The save view allows to download the query subnetwork either in XML format or as tab-separated values (TSV) file. TSV is a decato standard for network data and can amongst other things be import into Cytoscape. The different colums are: the confidence score, the FBS score, the gene pair, FBS scores for the 4 different coupling classes, LLRs for the different evidence types, LLRs for the species, and the class with strongest coupling. The links in the network file correspond to the strongest coupling class. For a comparative query the networks for the different species are given in separate TSV files.
The modify serach view brings back the current search and allows to change the keywords or to review and modify the parameters.

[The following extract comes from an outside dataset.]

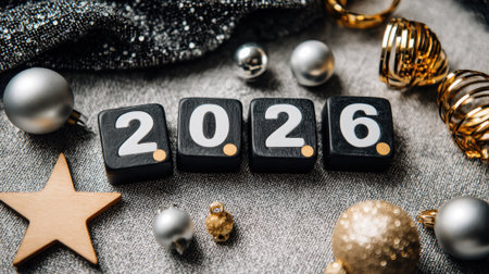 A festive arrangement of the year 2026 spelled out with blocks, surrounded by sparkling ornaments and a wooden star, symbolizing the upcoming New Year.
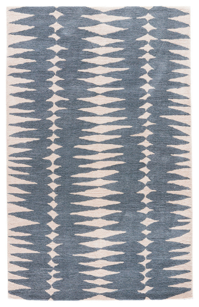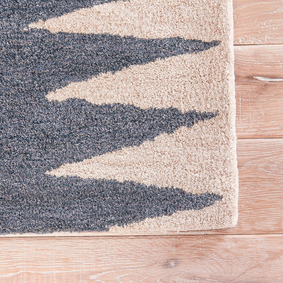 A modern area rug with artistic edge, this hand-tufted accent boasts the plush feel of durable wool. Tones of blue and gray create a captivating tribal effect on the contemporary cream backdrop.

Please cite the latest paper from here if you are using the database or if you want refer to the FunCoup algorithm. If you are using MaxLink please also cite Network-based Identification of Novel Cancer Genes (Östlund 2010).
Per default the FunCoup search returns the subnetwork of you query and the strongest coupled genes to your query. If your are only interested in links between your query genes go into the advanced search options and set the "Expansion depth" on the "Sub-network selection" tab to 0.
Have you tried lowering the confidence threshold?
It should be noted that the main objective of FunCoup is the prediction of
Creating a functional coupling network for a species requires a lot of data including high-quality kown couplings. The procces involes a lot of manulal work and is computationally demanding, we therfore focus on a small number of well studied model organisms.